Task brief >>
Output, exactly as written, the lines below from the one that has "ضمن سلسة المحاضرات" through the one that has "ชุดวอร์มมีซิปไ"; nothing else, and no pictures.

Data extracted from a collection

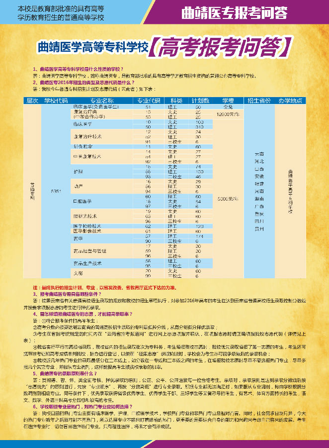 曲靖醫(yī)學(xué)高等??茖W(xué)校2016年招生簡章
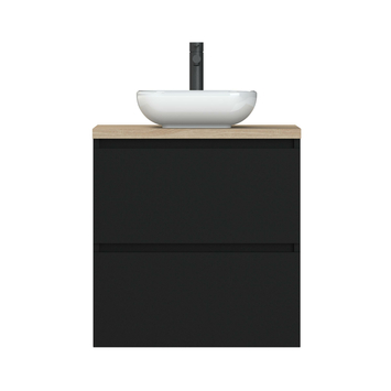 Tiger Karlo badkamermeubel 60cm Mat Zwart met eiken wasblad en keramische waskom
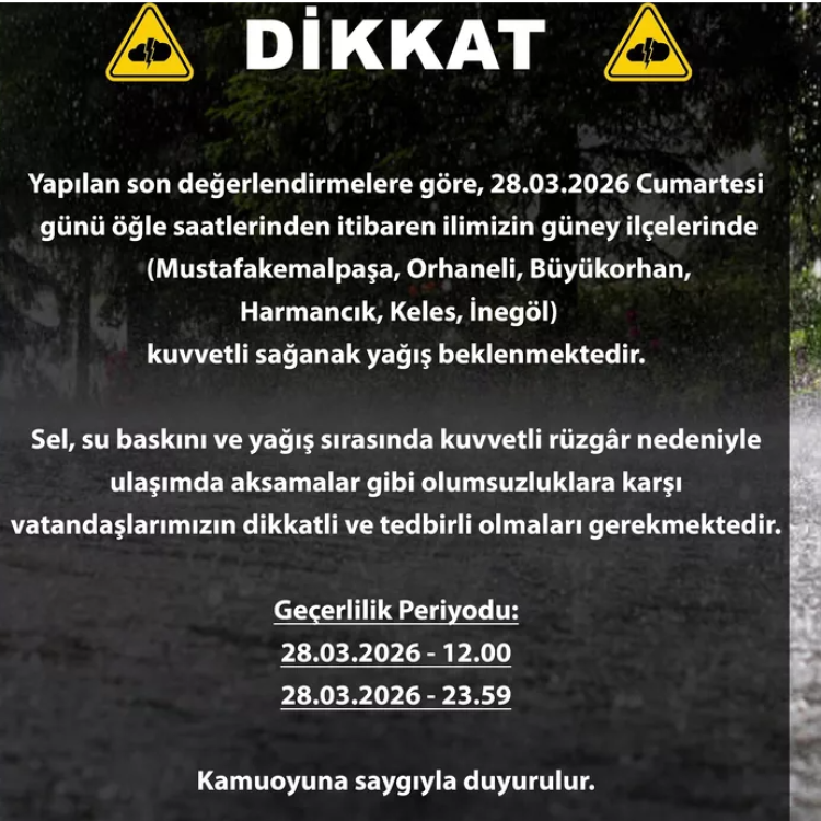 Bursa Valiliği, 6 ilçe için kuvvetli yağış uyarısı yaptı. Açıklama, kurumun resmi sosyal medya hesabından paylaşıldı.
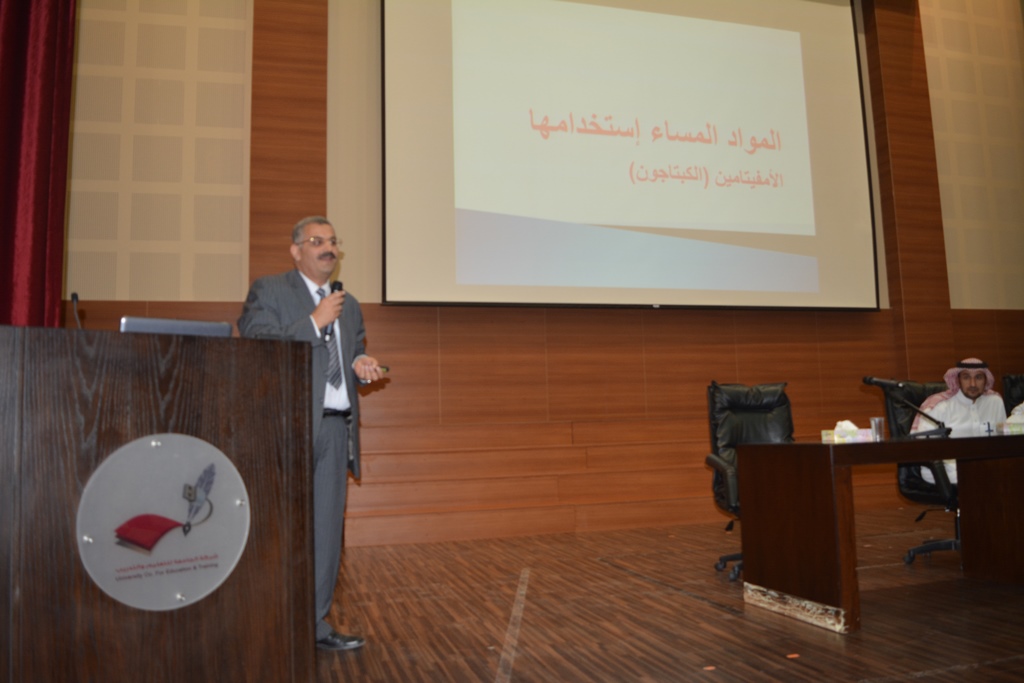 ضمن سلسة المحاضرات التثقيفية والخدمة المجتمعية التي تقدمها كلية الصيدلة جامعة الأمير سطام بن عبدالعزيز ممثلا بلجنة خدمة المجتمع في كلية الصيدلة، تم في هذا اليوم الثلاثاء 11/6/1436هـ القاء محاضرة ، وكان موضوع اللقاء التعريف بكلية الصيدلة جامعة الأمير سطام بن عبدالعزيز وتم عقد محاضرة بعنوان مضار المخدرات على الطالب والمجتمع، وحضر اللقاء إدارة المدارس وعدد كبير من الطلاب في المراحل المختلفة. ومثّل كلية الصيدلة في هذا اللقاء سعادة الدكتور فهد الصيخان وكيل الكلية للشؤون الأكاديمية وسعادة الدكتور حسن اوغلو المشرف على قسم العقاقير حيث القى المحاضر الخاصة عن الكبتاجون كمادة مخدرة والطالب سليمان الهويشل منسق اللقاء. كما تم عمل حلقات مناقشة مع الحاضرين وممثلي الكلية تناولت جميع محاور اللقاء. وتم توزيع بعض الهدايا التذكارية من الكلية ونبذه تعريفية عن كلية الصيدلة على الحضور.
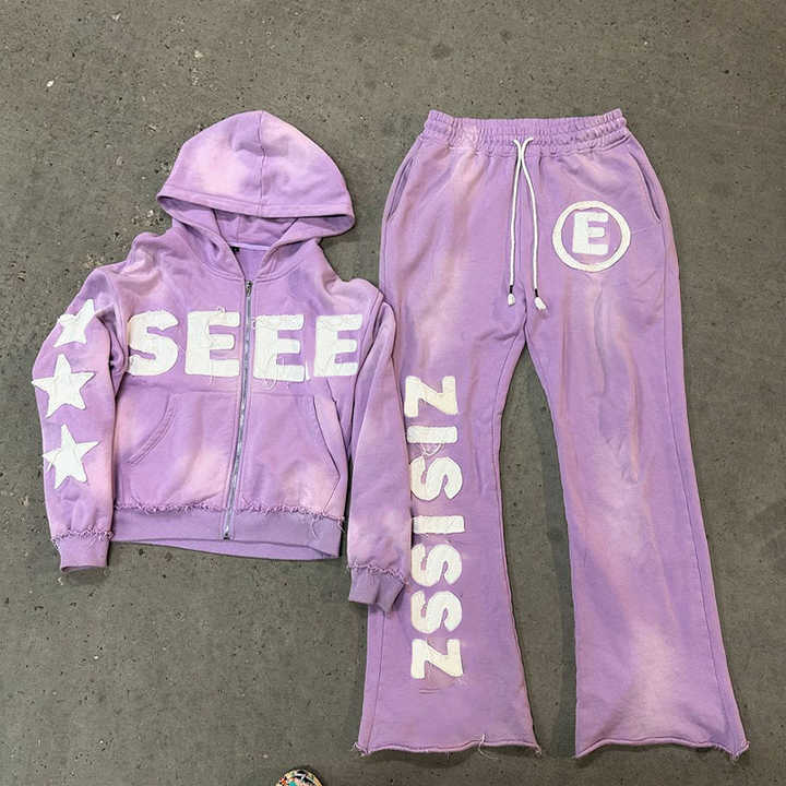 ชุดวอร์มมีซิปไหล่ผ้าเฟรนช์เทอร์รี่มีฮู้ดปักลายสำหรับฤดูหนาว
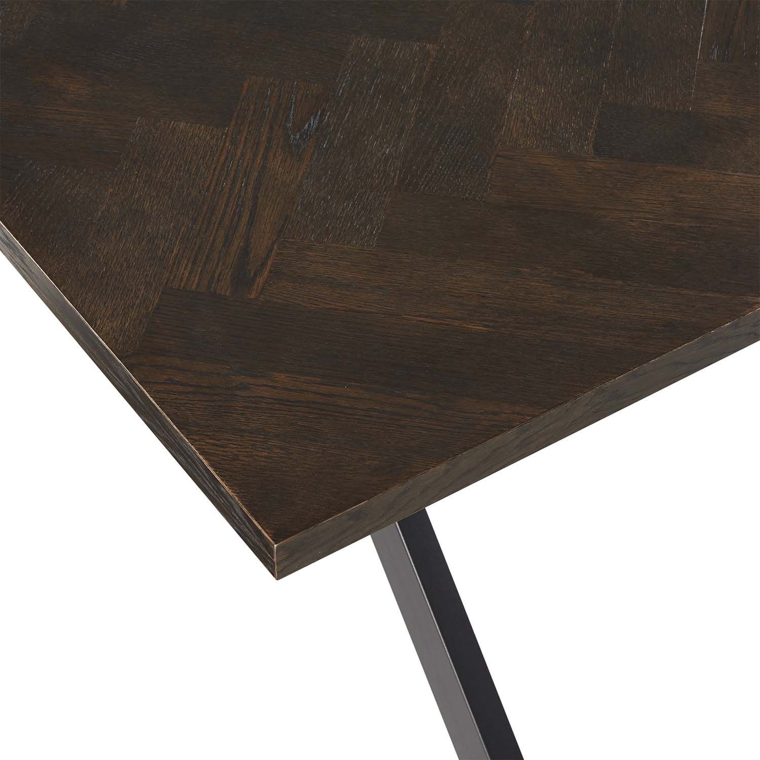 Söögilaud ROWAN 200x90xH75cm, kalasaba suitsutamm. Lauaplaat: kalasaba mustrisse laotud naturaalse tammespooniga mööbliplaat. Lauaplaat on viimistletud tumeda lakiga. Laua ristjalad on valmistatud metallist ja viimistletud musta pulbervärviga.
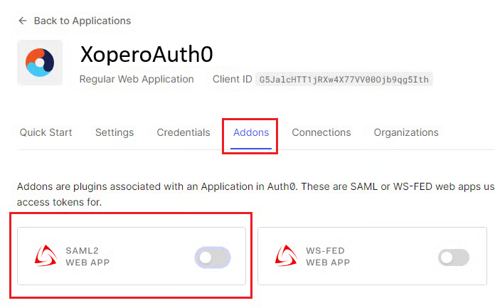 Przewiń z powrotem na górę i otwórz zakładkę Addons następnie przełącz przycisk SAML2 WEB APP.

Exercise output >>
 ضمن سلسة المحاضرات التثقيفية والخدمة المجتمعية التي تقدمها كلية الصيدلة جامعة الأمير سطام بن عبدالعزيز ممثلا بلجنة خدمة المجتمع في كلية الصيدلة، تم في هذا اليوم الثلاثاء 11/6/1436هـ القاء محاضرة ، وكان موضوع اللقاء التعريف بكلية الصيدلة جامعة الأمير سطام بن عبدالعزيز وتم عقد محاضرة بعنوان مضار المخدرات على الطالب والمجتمع، وحضر اللقاء إدارة المدارس وعدد كبير من الطلاب في المراحل المختلفة. ومثّل كلية الصيدلة في هذا اللقاء سعادة الدكتور فهد الصيخان وكيل الكلية للشؤون الأكاديمية وسعادة الدكتور حسن اوغلو المشرف على قسم العقاقير حيث القى المحاضر الخاصة عن الكبتاجون كمادة مخدرة والطالب سليمان الهويشل منسق اللقاء. كما تم عمل حلقات مناقشة مع الحاضرين وممثلي الكلية تناولت جميع محاور اللقاء. وتم توزيع بعض الهدايا التذكارية من الكلية ونبذه تعريفية عن كلية الصيدلة على الحضور.
 ชุดวอร์มมีซิปไหล่ผ้าเฟรนช์เทอร์รี่มีฮู้ดปักลายสำหรับฤดูหนาว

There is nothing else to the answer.